National Bank of Kenya (NBK) #ticker:NBK chief executive Wilfred Musau earned a total of Sh50.25 million in the year ended December 2018, representing a 4.56 per cent pay rise from the previous year.
Mr Musau was paid Sh48 million in the year ended December 2017, according the bank’s annual report.
The executive’s pay last year comprised a salary of Sh41.49 million or Sh3.45 million per month, up from Sh39.3 million or Sh3.2 million per month the previous year and expense allowances of Sh8.7 million, same as the previous year.
The higher pay recorded last year represents a figure seven times the troubled NSE-listed bank’s profit in the period under review.
The lender’s net earnings decreased by 98 per cent from Sh410 million in the year ended December, 2017 to Sh7 million in 2018 on the back of reduced interest income, increased loan impairment and voluntary early retirement costs.
NBK has in the recent past registered a series of poor performances that has put into question the fate of its survival.
The lender is in the grip of an operational crisis, stuck in a negative liquidity position as at the end of the 12 months to December, 2018.
Central Bank of Kenya (CBK) Governor Patrick Njoroge recently linked the bank’s poor performance to mismanagement, political interference and a poor business model.
It has been relying on regulatory forbearance to continue operating after lack of funding, losses and mismanagement in previous years eroded its capital base.
KCB Group #ticker:KCB, Kenya’s biggest bank, has offered to take over the ailing institution through a share swap deal.
Separately, NBK has urged the High Court to dismiss a suit filed by two people who have sought to stop the takeover of the lender by KCB. Arguing before Justice Weldon Korir Thursday, the bank through Senior Counsel George Oraro said the petition was a complete misrepresentation of facts because the bank was not a parastatal.

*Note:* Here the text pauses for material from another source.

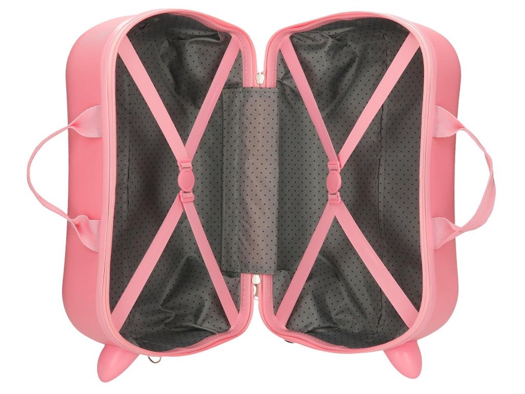 Uvnitř kufru se nacházejí křížové popruhy, které pevně udrží oblečení, hračky i další věci na svém místě. Vnitřní prostor s kapacitou 24,5 litru poskytuje dostatek místa pro všechny nezbytnosti. Díky přehlednému rozložení se děti snadno naučí, jak si své věci správně zorganizovat.

He said NBK was not a public entity but subject to Capital Markets Authority Act and approval from the CBK.
According to Mr Oraro, there was no urgency as alleged by Evans Aseto and John Kiptoo and argued that the petition should be struck out.
He further said the two were neither shareholders at NBK nor depositors, so they do not have the capacity to sue.
Justice Korir declined to grant any orders stopping the planned takeover and instead directed the parties to file their replies and submissions ahead of the hearing on June 26.
Mr Aseto and Mr Kiptoo filed the case arguing that the acquisition is being conducted in an opaque manner, and information concerning the move was intentionally scanty.